#### Directions:
Nothing but the pictures may be dropped; the rest of the listing is to be written out exactly.

#### Given data:
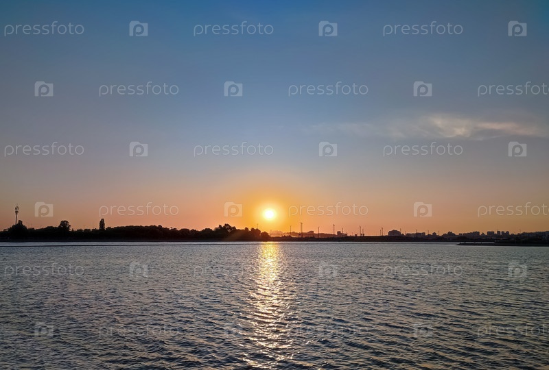 Городской пейзаж на закате над водоемом с укрепленным берегом
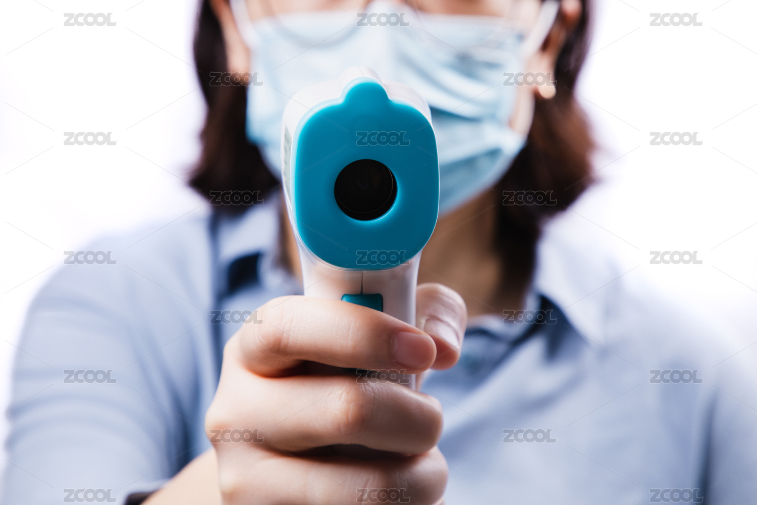 白色背景特寫白領(lǐng)女性拿著電子測溫槍
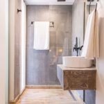 שלושה חדרי רחצה כל אחד מהם עם מקלחת, מרסס בידה למים חמים וקרים ומתקנים כגון מייבש שיער, אחד מחדרי הרחצה מצויד במכונת כביסה.
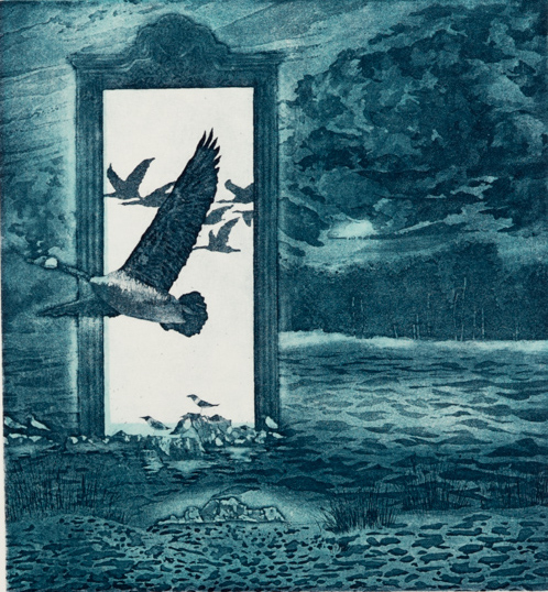![]() Kate Gorringe-Smith, 2019, Altona Stint, linocut on ecoprint | ![]() Annie Day, 2017, Time to Go, etching and lithograph. |
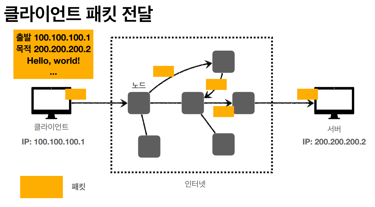 전송데이터(message)와 함께 출발지 IP(client), 목적지 IP(server) 등을 패킷으로 묶어 전달한다.
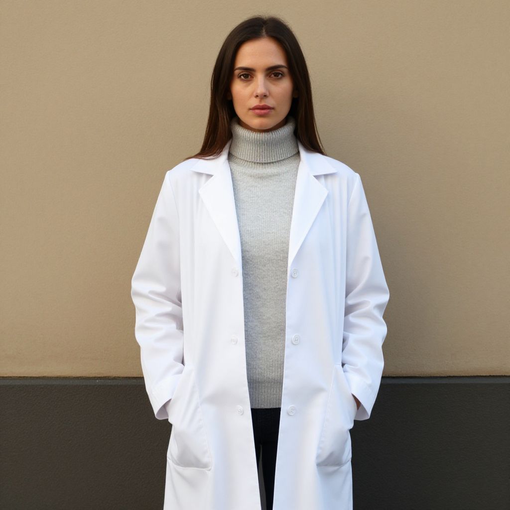 Photograph of a young woman with long, straight, dark brown hair and fair skin, standing against a beige and black wall. She wears a white lab coat over a light gray turtleneck sweater and black pants. Her hands are in the coat's pockets, and she has a neutral, slightly serious expression. The lab coat's fabric appears crisp and clean, contrasting with the soft texture of the turtleneck. The background is simple, emphasizing her outfit and expression. The lighting is even, highlighting her face and clothing.

#### Answer for this exercise:
 Городской пейзаж на закате над водоемом с укрепленным берегом
 白色背景特寫白領(lǐng)女性拿著電子測溫槍
 שלושה חדרי רחצה כל אחד מהם עם מקלחת, מרסס בידה למים חמים וקרים ומתקנים כגון מייבש שיער, אחד מחדרי הרחצה מצויד במכונת כביסה.
![]() Kate Gorringe-Smith, 2019, Altona Stint, linocut on ecoprint | ![]() Annie Day, 2017, Time to Go, etching and lithograph. |
 전송데이터(message)와 함께 출발지 IP(client), 목적지 IP(server) 등을 패킷으로 묶어 전달한다.
 Photograph of a young woman with long, straight, dark brown hair and fair skin, standing against a beige and black wall. She wears a white lab coat over a light gray turtleneck sweater and black pants. Her hands are in the coat's pockets, and she has a neutral, slightly serious expression. The lab coat's fabric appears crisp and clean, contrasting with the soft texture of the turtleneck. The background is simple, emphasizing her outfit and expression. The lighting is even, highlighting her face and clothing.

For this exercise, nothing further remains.